6/24/21
By Josh Rubin
We see things differently. So what we mean when we witness things can be very different depending on our perspectives. Some of us see the suffering of people at the border caused by the barriers we erect to our common humanity. Others see, so they tell us, an earnest attempt to right a ship that nearly capsized into a four year eruption of xenophobia.
We see the reports from inside places like the children’s holding tents at Fort Bliss, and we are flooded with sympathetic agony as our minds fill with pictures of such places, where we have stood, where we have forced ourselves to suffer to bring attention there. Others, we are told in official statements, defend what they are doing, with reassurances that, for instance, they are bringing in mental health professionals in great numbers to deal with the wishes of the children inside to end their own lives, driven by those conditions.
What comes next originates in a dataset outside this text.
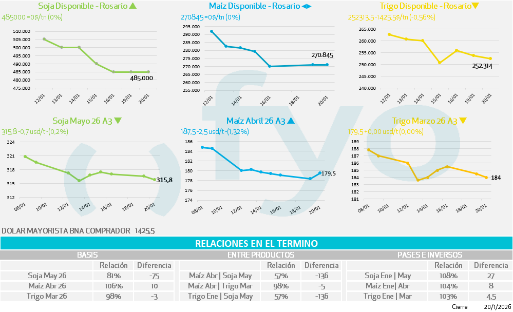 - Maíz opera con pequeñas subas.

And the political theater. From the right, hysteria about brown people coming to hurt us. From the government, a quiet reassurance that they are not as bad as the other guy, and a puzzling insistence on keeping the same structures of tragedy in place, a disheartening commitment to stability over humanity.
And us. Where do we stand?
On the banks of the river, remembering the dead. At the gates of the prison, straining to hear voices calling out to us before they fall silent, before our hearing fails us. Our place is not in the halls of the powerful, but in the arroyos of the powerless and desperate, saying over and over again, look, please look. See what we see.